» Supplied information:
*** Begin section ***

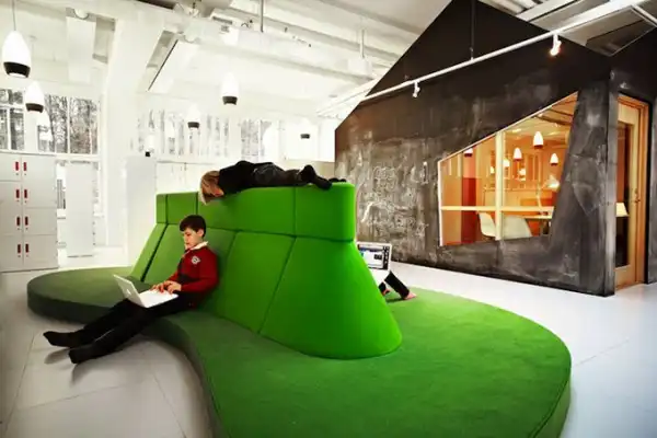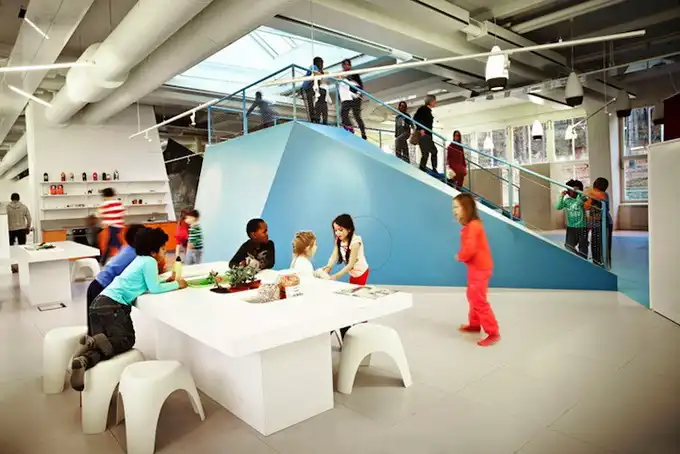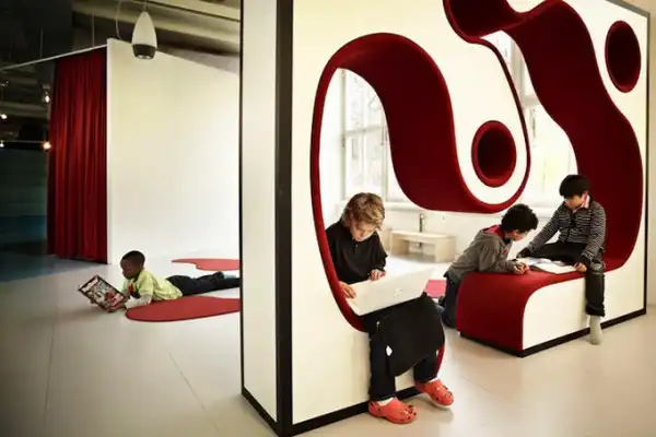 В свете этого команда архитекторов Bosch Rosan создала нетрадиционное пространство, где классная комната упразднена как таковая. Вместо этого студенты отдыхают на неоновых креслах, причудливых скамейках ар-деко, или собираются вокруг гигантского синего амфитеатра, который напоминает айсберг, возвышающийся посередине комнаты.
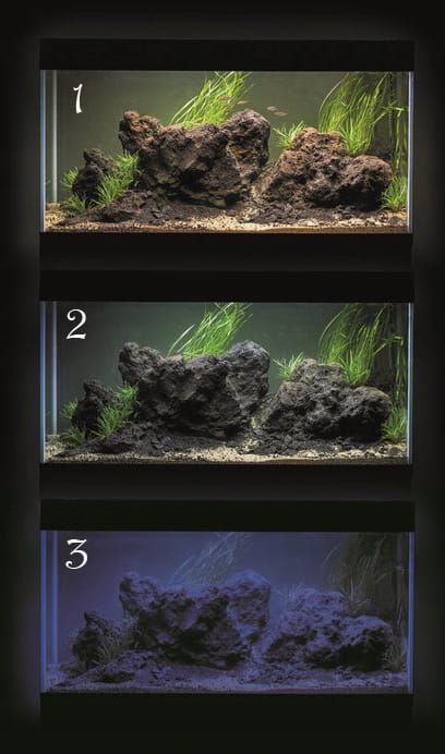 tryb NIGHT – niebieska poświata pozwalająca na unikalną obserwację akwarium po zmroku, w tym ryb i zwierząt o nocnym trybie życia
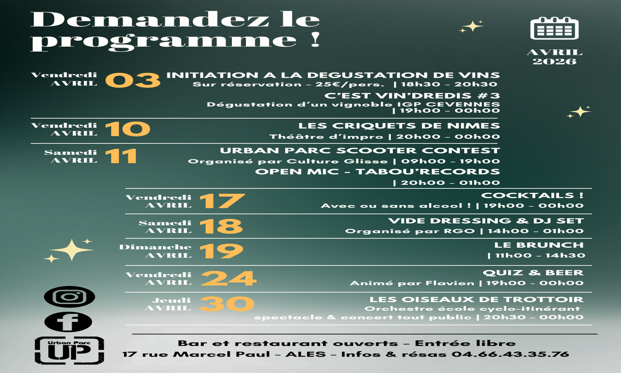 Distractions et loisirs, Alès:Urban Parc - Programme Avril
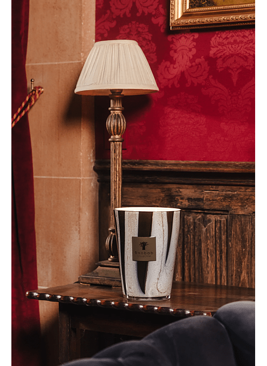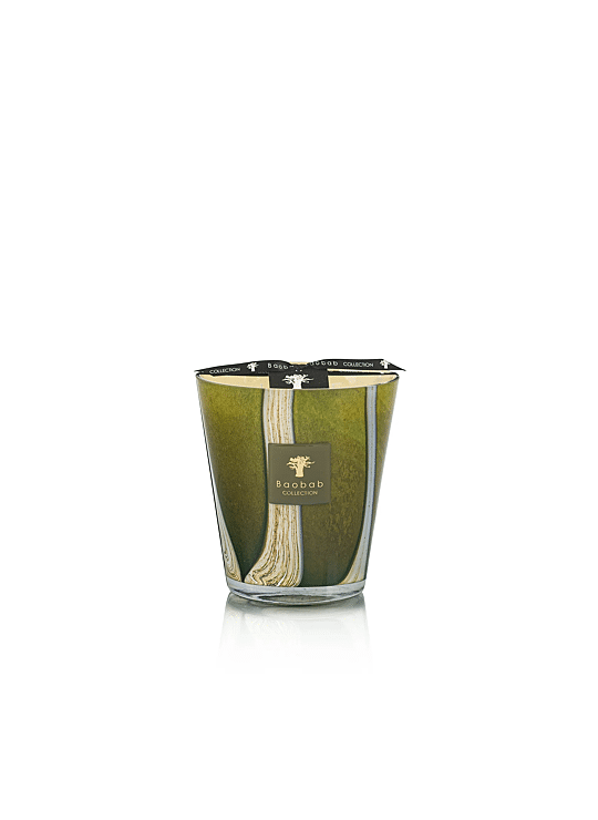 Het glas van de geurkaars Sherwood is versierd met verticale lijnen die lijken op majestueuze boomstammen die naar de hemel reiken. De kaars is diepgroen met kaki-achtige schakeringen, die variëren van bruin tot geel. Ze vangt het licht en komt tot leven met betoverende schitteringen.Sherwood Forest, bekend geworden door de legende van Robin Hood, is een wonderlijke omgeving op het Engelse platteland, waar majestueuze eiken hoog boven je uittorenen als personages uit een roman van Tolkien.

*** End section ***

Only the lines from the start of the material through the line containing "Distractions et loisirs, Alès:Urban" should be transcribed. Pictures stay out.

» Written response:
 В свете этого команда архитекторов Bosch Rosan создала нетрадиционное пространство, где классная комната упразднена как таковая. Вместо этого студенты отдыхают на неоновых креслах, причудливых скамейках ар-деко, или собираются вокруг гигантского синего амфитеатра, который напоминает айсберг, возвышающийся посередине комнаты.
 tryb NIGHT – niebieska poświata pozwalająca na unikalną obserwację akwarium po zmroku, w tym ryb i zwierząt o nocnym trybie życia
 Distractions et loisirs, Alès:Urban Parc - Programme Avril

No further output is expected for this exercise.